→ Exercise details:
All of the data below is to be repeated exactly, except for the pictures.

→ Records for processing:

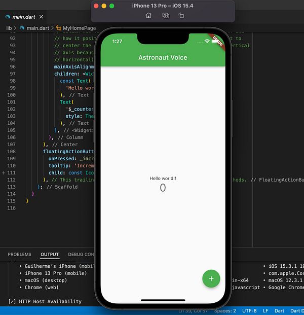 first hello world in Flutter #voicechanger
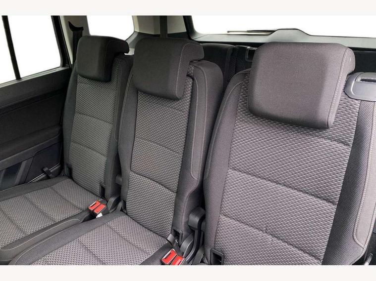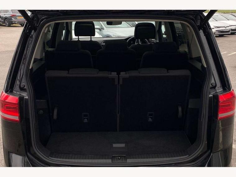 Adaptive cruise control, Audible lights on warning, Discover media navigation touchscreen navigation/radio system with streaming and internet, Driver alert system, Driver profile selection, Dynamic road sign display, Electric tailgate, Electronic odometer, Emergency services call system, Extended, crash-active and proactive Pedestrian and cyclist monitoring, External temperature gauge, Front parking sensors, Lane change system side assist and rear traffic alert, Lane keep assist, Misfuelling protection device, Mobile pairing with SMS function, Mobile phone interface with inductive charging, Rear view camera displayed via vehicles audio system display, Rev counter with fuel gauge, Side scan, Speed limiter, Speed sensitive power steering, Stop/start system, Think blue trainer driver tips and journey analysis, Trip and service interval display, We connect' and 'We connect plus' functionality, Petrol Particulate Filter, Rear stabiliser bar, XDS electronic differential lock, 4x20 watt output, 8 Speakers, Audio Connectivity System, DAB Digital radio, External USB-C data socket with increased charging performance - 2 USB sockets 45W, MP3/WMA compatability, SD card slot, Title and cover art display, USB connection, Aerial integrated into side window, Auto dimming door mirrors, on driver side, surround lighting and front passenger side mirror lowering function, Auto dimming rear view mirror, Automatic coming/leaving home lighting function, Body colour bumpers, Body colour door handles, Body colour door mirrors with integral indicators, Door mirrors with memory function, Dusk sensor + auto driving lights, Electric folding door mirrors, Electric heated + adjustable door mirrors, Electric, glass sliding/tilting panoramic sunroof including integrated roller blind and LED lighting around aperture, Front and rear electric windows, Fully galvanised body, Gloss black finish B pillar, Green tinted heat insulating glass, High level third brake light, Rain sensor, Rear fog lights, Rear side wing doors, Rear tinted glass from B-pillar backwards approx 65% tinted, Rear wash/wipe with intermittent wipe setting, Removable engine badge, Silver roof rails, Tailgate wiper- reverse gear activation, Twin chrome exhaust tailpipes, Volkswagen roundel, Windscreen wipers intermittent wipe, 12V power point for Row 2, 12V socket in luggage compartment, 2 individual fold flat 3rd row seats, 2 three point seatbelts in 3rd row, 2nd row centre armrest, 2nd row centre seat converts into table, 3 single slide/fold/removable 2nd row seats, 3 spoke steering wheel, 3x3 point seatbelts on 2nd row with height adjust on outer seats, 4 boot load lashing points, 4 way adjustable front head restraints, 5 headrests, Activated charcoal canister for intensified evaporation system, Air care climatronic 3 zone air conditioning system with rear air conditioning control panel, Chrome plated radiator grille inserts, air vent surrounds and light switch surrounds, Driver and front passenger under seat drawer, Dust/pollen filters, Foldable front passenger seat backrest with load through function, Front and rear reading lights X 2, Front centre armrest with storage compartment, Front comfort seats with lumbar support, Front cupholders x 2, Front passenger seat height adjust, Front seat storage pockets, Front seatback folding tables, Height adjustable driver's seat, Height/reach adjust steering wheel, Illuminated glovebox, Instrument lighting white adjustable panel illumination with red night time illumination, Interior light with delay, Isofix on 2nd row outer seats, Isofix on 3rd row seats, Large storage compartment in roof console, Lasano cloth upholstery, Leather multifunction steering wheel with gear knob, Leatherette on rear of front seats, Low tunnel 2nd row seat, Luggage compartment lighting, Media box in dashboard on passenger side, Multi storage in passenger/luggage areas, Multi-function centre console with storage facilities, Retractable luggage cover, Split folding rear seat backrests, Storage bins on all doors, Sun visors with illuminated vanity mirrors, Family Pack - Touran, Winter pack without heated washer jet - Touran, 3 point height adjustable front seatbelts, Auto hold function, Automatic post collision braking system, Door open warning reflectors, Driver/Front Passenger airbags, Drivers knee airbag, EDL + ASR, Electronic parking brake, Energy recovery system, ESC with ABS, First aid kit, Front and rear (row 2) curtain airbags, Front assist with autonomous emergency braking, Front seat side impact airbags, Front seatbelt pretensioners, Front/rear disc brakes, Hill hold control, Hydraulic Brake Assist (HBA), Loose wheel warning function, Manual passenger airbag deactivation function, Pre crash preventive occupant protection, Proactive passenger protection system with front and side assist, Rear child proof door locks, Road sign recognition, Seatbelt warning lamp and buzzer, Traction control, Two tone horn, Warning triangle, Alarm with remote central locking and interior protection, Electronic engine immobiliser, Keyless Access Keyless locking and starting system with SAFELOCK, New brushed design decorative inserts in dash and front doors, 17" Salvador alloy wheels with anti-theft wheel bolts, 215/55 R17 self sealing tyres with low rolling resistance,
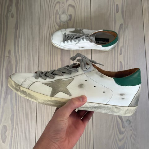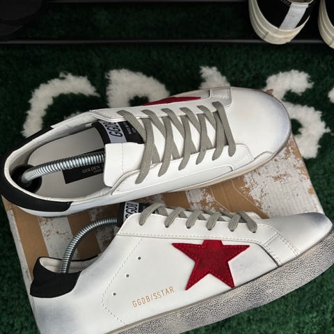 Et par af de nye populære Golden Goose forty2, købt i butikken i Paris i oktober 2024. Gået med omkring 30 gange. Holder sig godt. Alt OG medfølger. Der er 2 små flaws bagpå (intet synligt), hvilket kan laves. Det kom da mine føder nok var en smule for små til dem.
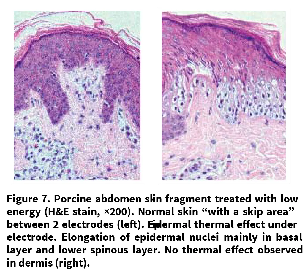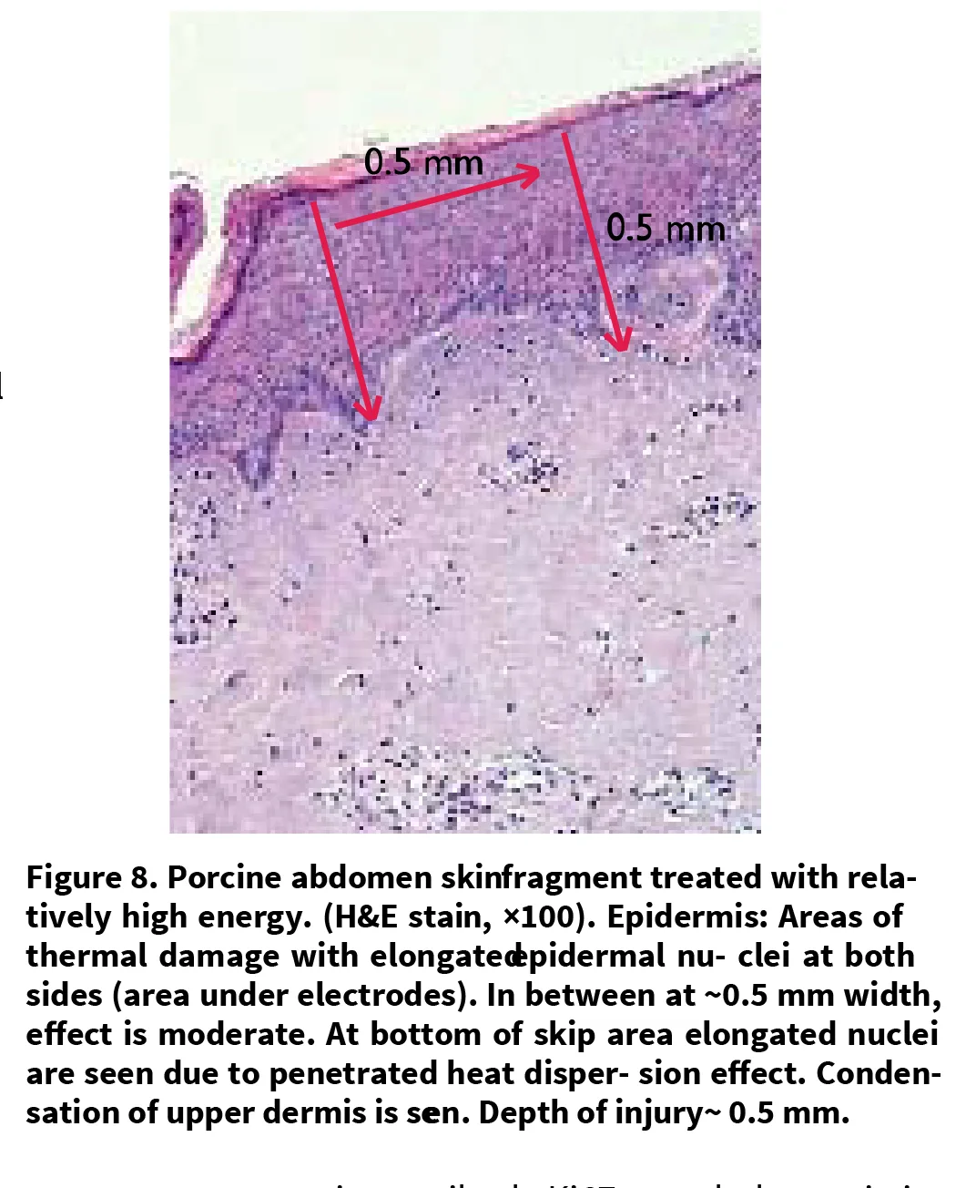 Depth of injury is in direct correlation to the energy level used. In samples from abdomen skin treated with low power, epidermal injury was the least prominent and only the basal lower spinous epidermis layer was involved and the dermis was spared. The epidermal changes in this series were focal with skip area of normal epidermis in between the involved foci. All the other series showed both epidermal and dermal injury correlated with the level of energy in terms of depth and width.
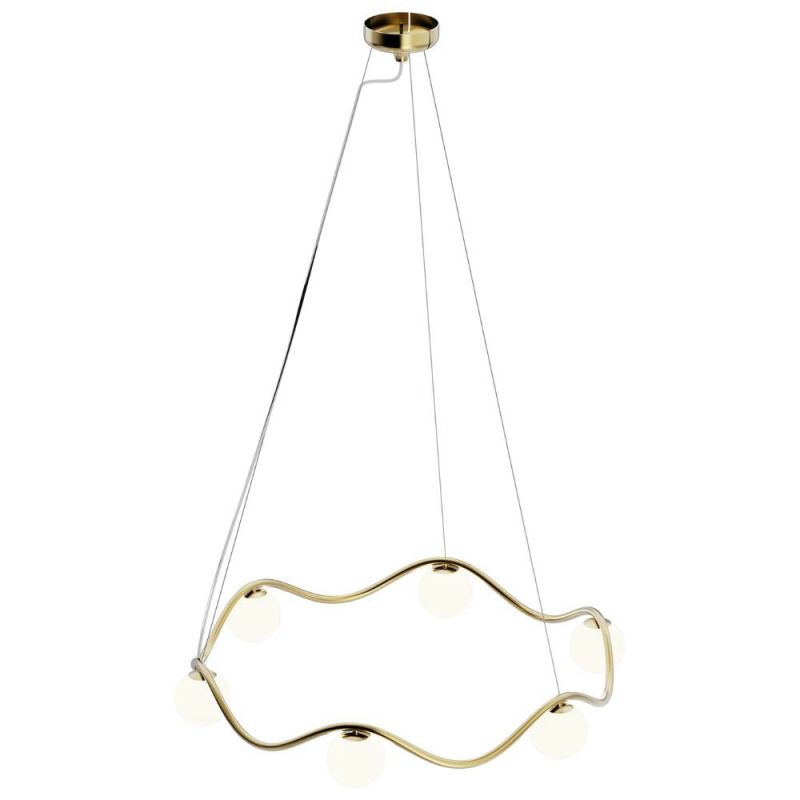 Wave-Pendelleuchte - Skulpturale Eleganz in Messing. Wave ist ein moderner Kronleuchter mit skulpturalem Ausdruck, der für zeitgenössische Räume mit Sinn für Ästhetik entworfen wurde. Die wellenförmige Form aus massivem Messing hängt elegant an dünnen Drähten und erzeugt ein leichtes, schwebendes Gefühl im Raum. Die organische Silhouette verleiht Bewegung und Ruhe zugleich und macht die Leuchte zu einem Blickfang über dem Esstisch, im Flur oder als Teil einer größeren Rauminstallation.
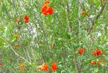 石榴是千屈菜科石榴属落叶灌木或乔木,一般植株高3-5米,少数可达到10米;枝顶常有尖锐长刺,幼枝有棱角但无毛,老枝近圆柱形;叶通常为对生,长圆状披针形;花大,…全部>>
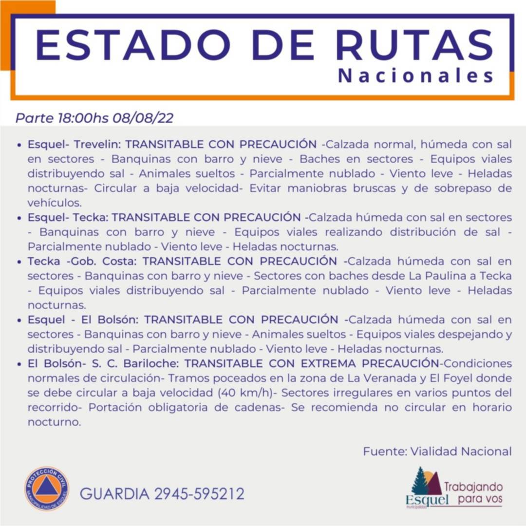 En este sentido, se informó que la Ruta Nº 259 que conecta Esquel -Trevelin, se encuentra transitable con precaución por la calzada húmeda.
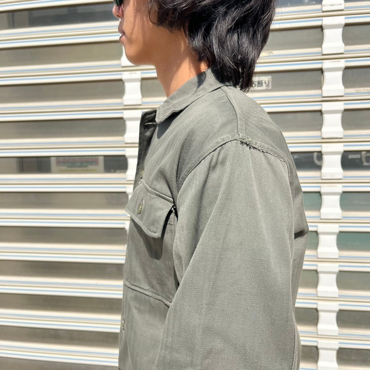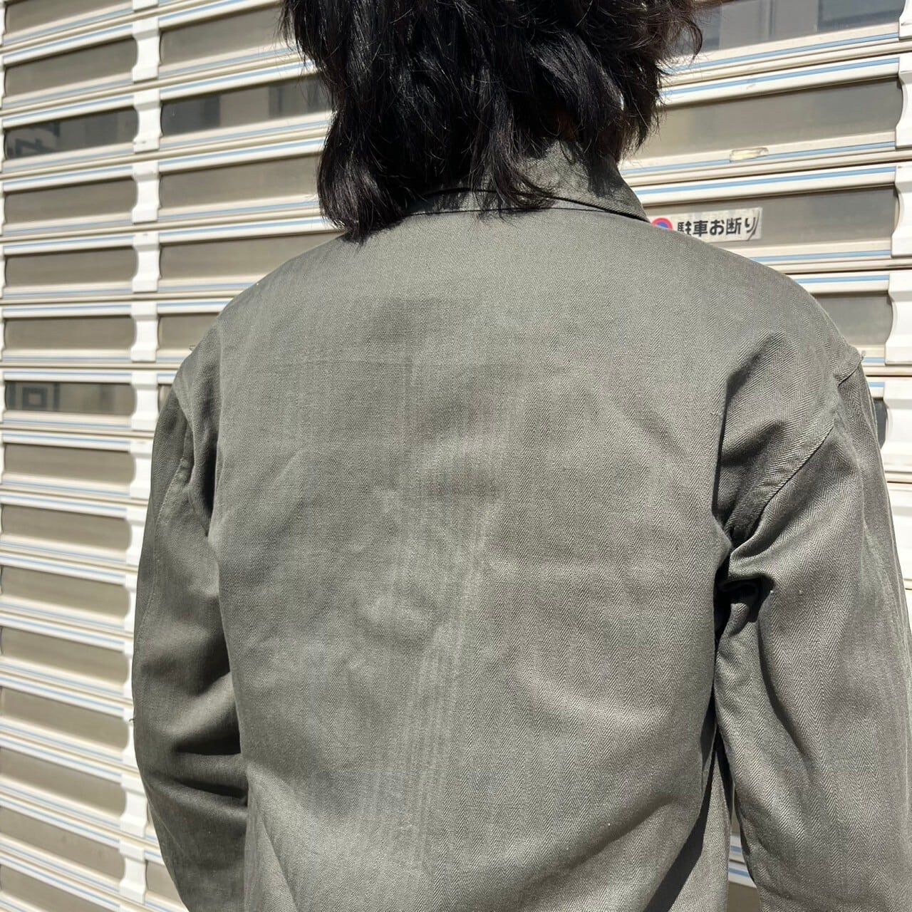 50s ユーロ ヴィンテージ ワークジャケット ヘリンボーン オリーブドラブ S コットン ミリタリー ワークシャツ ミリタリーシャツ 60s
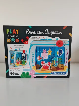 Jogo criativo Cria o teu Aquário da Clementoni. Permite criar um aquário com engrenagens mecânicas em plástico. - Fundos intercambiáveis e personalizáveis. - Dimensões do aquário: 20,5 x 25 x 10 cm. - Recomendado para idades de 4 a 6 anos.
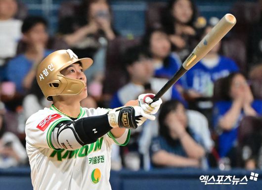 송성문은 2회말 선두타자 서유신이 삼진으로 물러난 이후 1사 주자 없는 상황 두 번째 타석에 들어섰다. 그는 이번엔 원태인과 1-1 카운트 승부에서 바깥쪽 126km/h 체인지업을 공략했고, 이번엔 중앙 담장을 훌쩍 넘기는 솔로 홈런을 만들어냈다. 비거리 130m의 대형 홈런이었다.

→ Task output:
 first hello world in Flutter #voicechanger
 Adaptive cruise control, Audible lights on warning, Discover media navigation touchscreen navigation/radio system with streaming and internet, Driver alert system, Driver profile selection, Dynamic road sign display, Electric tailgate, Electronic odometer, Emergency services call system, Extended, crash-active and proactive Pedestrian and cyclist monitoring, External temperature gauge, Front parking sensors, Lane change system side assist and rear traffic alert, Lane keep assist, Misfuelling protection device, Mobile pairing with SMS function, Mobile phone interface with inductive charging, Rear view camera displayed via vehicles audio system display, Rev counter with fuel gauge, Side scan, Speed limiter, Speed sensitive power steering, Stop/start system, Think blue trainer driver tips and journey analysis, Trip and service interval display, We connect' and 'We connect plus' functionality, Petrol Particulate Filter, Rear stabiliser bar, XDS electronic differential lock, 4x20 watt output, 8 Speakers, Audio Connectivity System, DAB Digital radio, External USB-C data socket with increased charging performance - 2 USB sockets 45W, MP3/WMA compatability, SD card slot, Title and cover art display, USB connection, Aerial integrated into side window, Auto dimming door mirrors, on driver side, surround lighting and front passenger side mirror lowering function, Auto dimming rear view mirror, Automatic coming/leaving home lighting function, Body colour bumpers, Body colour door handles, Body colour door mirrors with integral indicators, Door mirrors with memory function, Dusk sensor + auto driving lights, Electric folding door mirrors, Electric heated + adjustable door mirrors, Electric, glass sliding/tilting panoramic sunroof including integrated roller blind and LED lighting around aperture, Front and rear electric windows, Fully galvanised body, Gloss black finish B pillar, Green tinted heat insulating glass, High level third brake light, Rain sensor, Rear fog lights, Rear side wing doors, Rear tinted glass from B-pillar backwards approx 65% tinted, Rear wash/wipe with intermittent wipe setting, Removable engine badge, Silver roof rails, Tailgate wiper- reverse gear activation, Twin chrome exhaust tailpipes, Volkswagen roundel, Windscreen wipers intermittent wipe, 12V power point for Row 2, 12V socket in luggage compartment, 2 individual fold flat 3rd row seats, 2 three point seatbelts in 3rd row, 2nd row centre armrest, 2nd row centre seat converts into table, 3 single slide/fold/removable 2nd row seats, 3 spoke steering wheel, 3x3 point seatbelts on 2nd row with height adjust on outer seats, 4 boot load lashing points, 4 way adjustable front head restraints, 5 headrests, Activated charcoal canister for intensified evaporation system, Air care climatronic 3 zone air conditioning system with rear air conditioning control panel, Chrome plated radiator grille inserts, air vent surrounds and light switch surrounds, Driver and front passenger under seat drawer, Dust/pollen filters, Foldable front passenger seat backrest with load through function, Front and rear reading lights X 2, Front centre armrest with storage compartment, Front comfort seats with lumbar support, Front cupholders x 2, Front passenger seat height adjust, Front seat storage pockets, Front seatback folding tables, Height adjustable driver's seat, Height/reach adjust steering wheel, Illuminated glovebox, Instrument lighting white adjustable panel illumination with red night time illumination, Interior light with delay, Isofix on 2nd row outer seats, Isofix on 3rd row seats, Large storage compartment in roof console, Lasano cloth upholstery, Leather multifunction steering wheel with gear knob, Leatherette on rear of front seats, Low tunnel 2nd row seat, Luggage compartment lighting, Media box in dashboard on passenger side, Multi storage in passenger/luggage areas, Multi-function centre console with storage facilities, Retractable luggage cover, Split folding rear seat backrests, Storage bins on all doors, Sun visors with illuminated vanity mirrors, Family Pack - Touran, Winter pack without heated washer jet - Touran, 3 point height adjustable front seatbelts, Auto hold function, Automatic post collision braking system, Door open warning reflectors, Driver/Front Passenger airbags, Drivers knee airbag, EDL + ASR, Electronic parking brake, Energy recovery system, ESC with ABS, First aid kit, Front and rear (row 2) curtain airbags, Front assist with autonomous emergency braking, Front seat side impact airbags, Front seatbelt pretensioners, Front/rear disc brakes, Hill hold control, Hydraulic Brake Assist (HBA), Loose wheel warning function, Manual passenger airbag deactivation function, Pre crash preventive occupant protection, Proactive passenger protection system with front and side assist, Rear child proof door locks, Road sign recognition, Seatbelt warning lamp and buzzer, Traction control, Two tone horn, Warning triangle, Alarm with remote central locking and interior protection, Electronic engine immobiliser, Keyless Access Keyless locking and starting system with SAFELOCK, New brushed design decorative inserts in dash and front doors, 17" Salvador alloy wheels with anti-theft wheel bolts, 215/55 R17 self sealing tyres with low rolling resistance,
 Et par af de nye populære Golden Goose forty2, købt i butikken i Paris i oktober 2024. Gået med omkring 30 gange. Holder sig godt. Alt OG medfølger. Der er 2 små flaws bagpå (intet synligt), hvilket kan laves. Det kom da mine føder nok var en smule for små til dem.
 Depth of injury is in direct correlation to the energy level used. In samples from abdomen skin treated with low power, epidermal injury was the least prominent and only the basal lower spinous epidermis layer was involved and the dermis was spared. The epidermal changes in this series were focal with skip area of normal epidermis in between the involved foci. All the other series showed both epidermal and dermal injury correlated with the level of energy in terms of depth and width.
 Wave-Pendelleuchte - Skulpturale Eleganz in Messing. Wave ist ein moderner Kronleuchter mit skulpturalem Ausdruck, der für zeitgenössische Räume mit Sinn für Ästhetik entworfen wurde. Die wellenförmige Form aus massivem Messing hängt elegant an dünnen Drähten und erzeugt ein leichtes, schwebendes Gefühl im Raum. Die organische Silhouette verleiht Bewegung und Ruhe zugleich und macht die Leuchte zu einem Blickfang über dem Esstisch, im Flur oder als Teil einer größeren Rauminstallation.
 石榴是千屈菜科石榴属落叶灌木或乔木,一般植株高3-5米,少数可达到10米;枝顶常有尖锐长刺,幼枝有棱角但无毛,老枝近圆柱形;叶通常为对生,长圆状披针形;花大,…全部>>
 En este sentido, se informó que la Ruta Nº 259 que conecta Esquel -Trevelin, se encuentra transitable con precaución por la calzada húmeda.
 50s ユーロ ヴィンテージ ワークジャケット ヘリンボーン オリーブドラブ S コットン ミリタリー ワークシャツ ミリタリーシャツ 60s
 Jogo criativo Cria o teu Aquário da Clementoni. Permite criar um aquário com engrenagens mecânicas em plástico. - Fundos intercambiáveis e personalizáveis. - Dimensões do aquário: 20,5 x 25 x 10 cm. - Recomendado para idades de 4 a 6 anos.
 송성문은 2회말 선두타자 서유신이 삼진으로 물러난 이후 1사 주자 없는 상황 두 번째 타석에 들어섰다. 그는 이번엔 원태인과 1-1 카운트 승부에서 바깥쪽 126km/h 체인지업을 공략했고, 이번엔 중앙 담장을 훌쩍 넘기는 솔로 홈런을 만들어냈다. 비거리 130m의 대형 홈런이었다.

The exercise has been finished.